At one point in the show she said, "I can't help but notice that there are about 20 empty seats here in the front. Did they hear I had a cough?"

"I have 13 cats," she said and started to imitate a cat throwing a hair ball.

"And that's the sound I fall asleep to every night."

She brought up prescription drugs and how one commercial says this one drug's side effects is anal leakage.

"Right there is reason enough why I would never take that pill," and Viagra's observations turned to sex which she said she had no interest in.

"I'm a working single mom of three children, 13 cats, one dog, a bearded lizard. I don't go to sleep at night. I pass out!"

Toward the end of the show, she mentioned public libraries and how she is an avid reader.

"Until last year, I wasn't aware that they weren't funded by the states."

Paula was named the national spokesman/spokeswoman for Friends of Libraries U.S.A (FOLUSA), a citizens support group with chapters all over the country that help raise money for their local libraries children's summer reading programs, author events, special book collections, equipment, and whatever else they might need.

To help support local libraries, after each show, Paula has copies of her book, "There's Nothing In This Book I Meant To Say," part memoir, part monologue, it features biographies of legendary historical figures including Abraham Lincoln, Joan of Arc and Sitting Bull, among others, from which she can't help digressing to tell her own story. Also being sold is her CD, "I Love Jokes." Fifty percent of each sale goes to that library.

Friday night after the show, Susan Sterling, Jim Thorpe's Dimmick Memorial Library director, Janet Hermann and Judy Gill, members of the Friends of the Library, sold 32 books and 20 CDs and 50 percent of the sales went to Dimmick. They ran out of both and probably could have sold twice as many.

In closing her act, Paula said, "I should go. I've been in this business long enough to know it's best if I leave first."

With that, she walked offstage to a standing ovation.

Quickly, a large line formed with people who wanted to either purchase her book or CD and have her autograph them or tickets.

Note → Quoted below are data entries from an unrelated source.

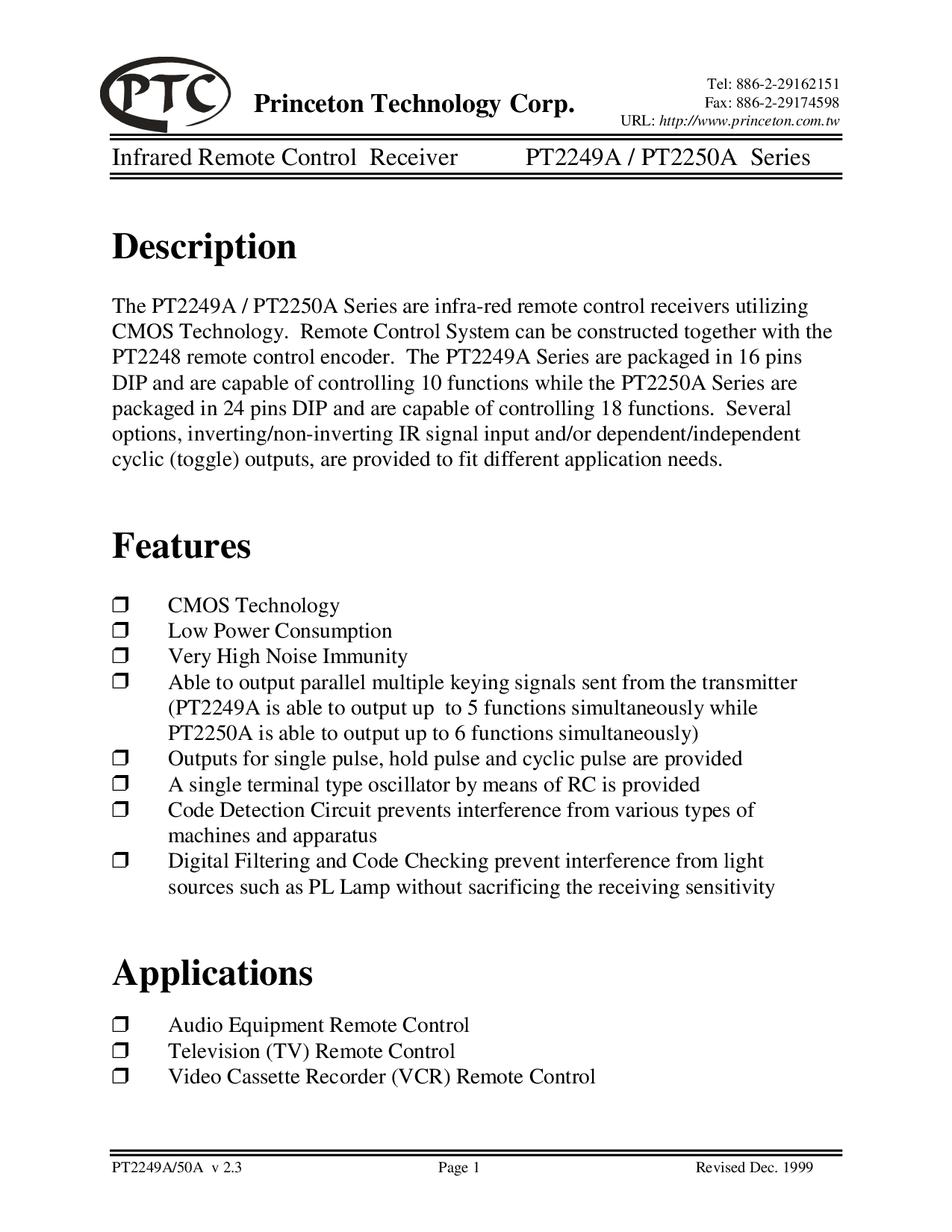 pt2249a/50a v 2.3 第页 1 修订 12月. 1999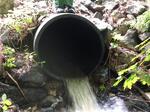 Additional culvert above and to left of outlet seems to be linked only to storm drain on road.; We had to estimate structure length.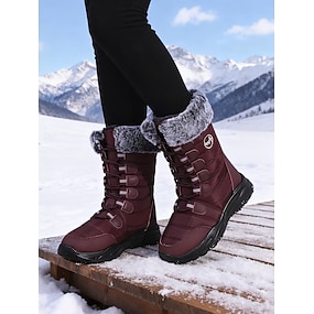 női bordó, középvádárig érő téli hótaposó műszőrme szegéllyel, vízálló, szigetelt kültéri csizma túrázáshoz, síeléshez &hideg időjárás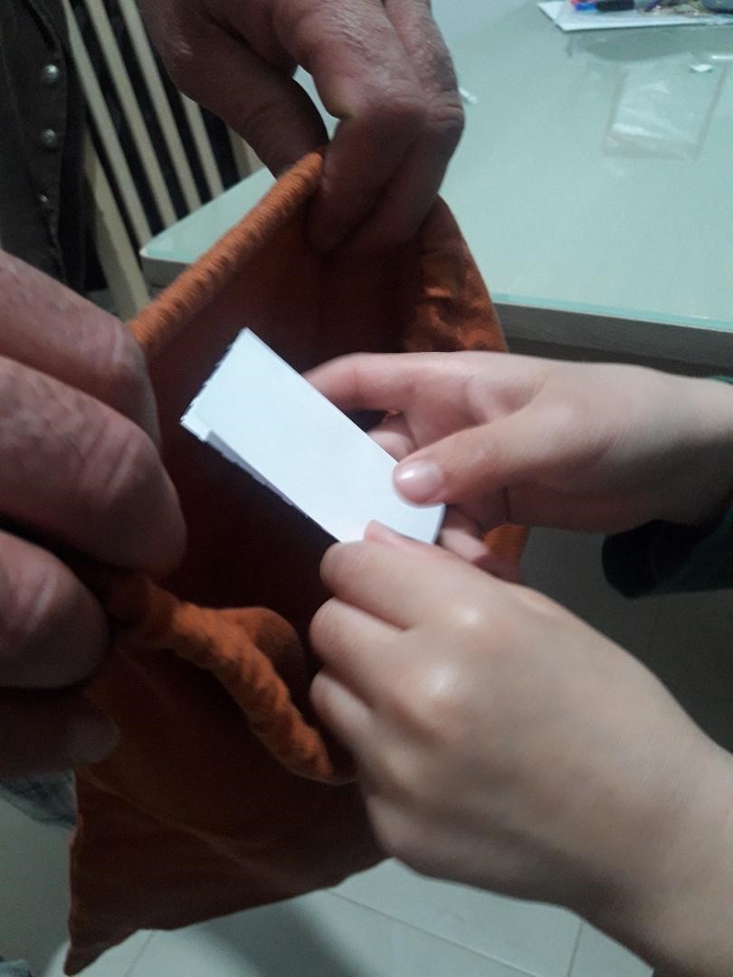 After printing the cards, cut along the dotted line, fold the cards in half and put them in a bowl or in a sack.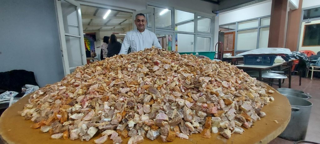 “Además –continuó- habrá una preparación vegana para aquellos que así lo prefieran, abriendo la posibilidad que nadie se pierda celebrar la Patria de la mejor manera. Es un trabajo arduo, donde iniciamos 24 horas antes con las tareas de cortado de verduras y de los cárnicos para acto seguido continuar desde la madrugada con la cocción.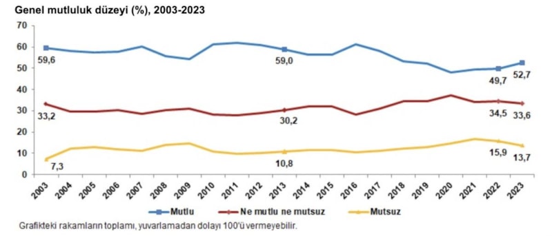 Geçen yıla ait kritik bir istatistik paylaşıma sunuldu. Türkiye'de 2022 yılında hayatından memnun olanların sayısı yüzde 49,7 iken 2023 yılında 3,0 puan artarak yüzde 52,7 oldu.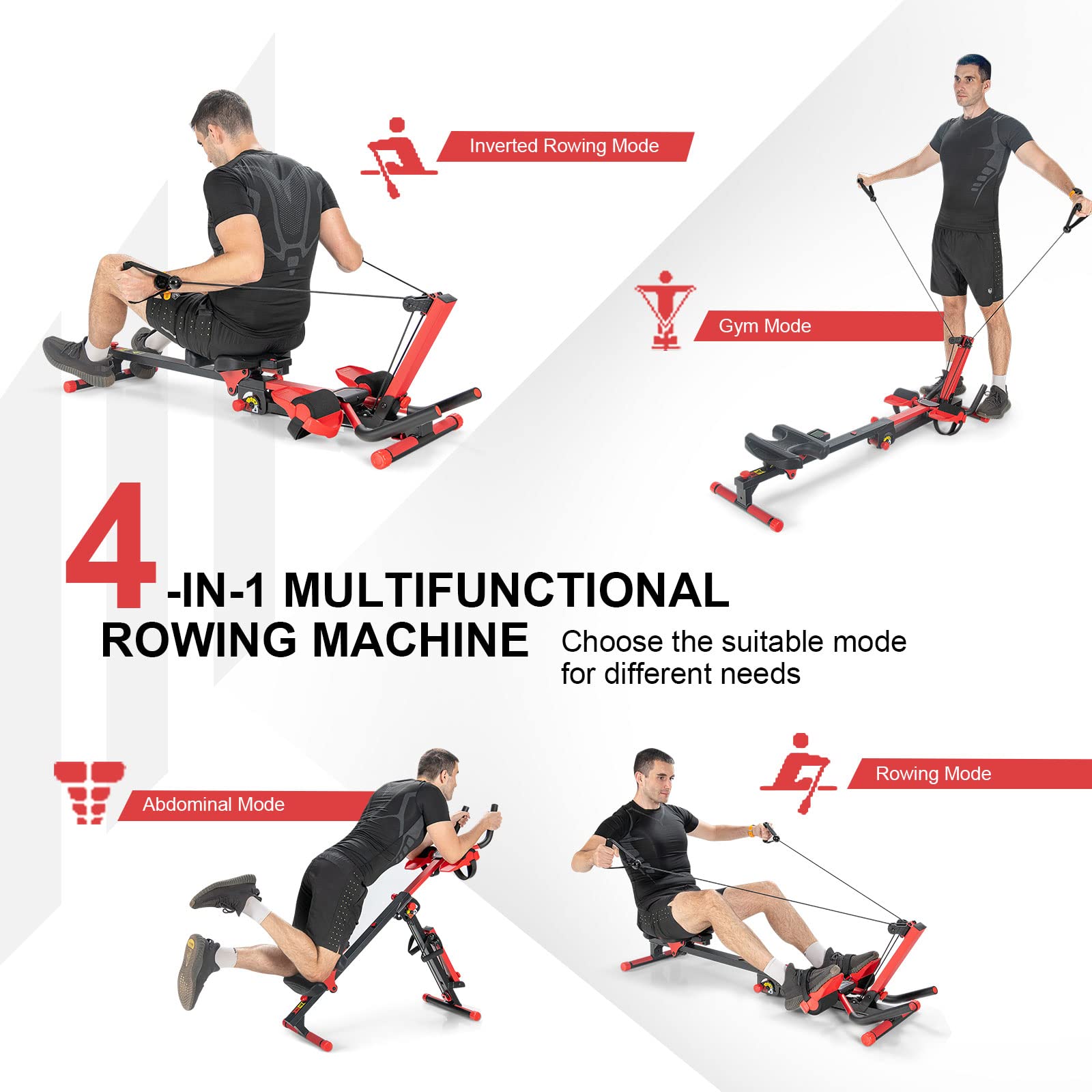 4 in 1 Folding Rowing Machine, AB Crunch Workout Machine w/3-Level Angle & Adjustable Tension

Barbara Bitsas of Lehighton gushed, "She was fantastic! I loved it. I've seen her on HBO and following her for years. I love her improvisation. I can't believe she can be that quick."

Shelly Kresge of Slatington was amazed at how she interacts with the crowd.

Kelley Uravage of Laflin said, "Oh my gosh. My face hurts from smiling."

"It was a good show. Her improv is great. It's not just sketches," said Jerry Uravage of Laflin.

"Paula Poundstone of Penn's Peak. Don't you love the alliteration?" asked Kelley.

"She was hilarious!" said Julie Mates of Clark Summit.

"I had a great time. It was two hours of improvisation, which is impressive. There was a lot of audience interaction," said Russ Mates of Clark Summit.

Maribeth of New York said she has been a fan of Paula's since the 80s.

"I do stand up comedy at the Gotham City Comedy Club so I know how hard it is to do what she does. She's a goddess," she said.

She and her friend, Heather Bisson, also of NYC drove to Jim Thorpe just to see Paula.

The award-winning Poundstone left her witty mark on those who attended the show, leaving them begging for a return performance.

"I hope she comes back," said Julie Mates.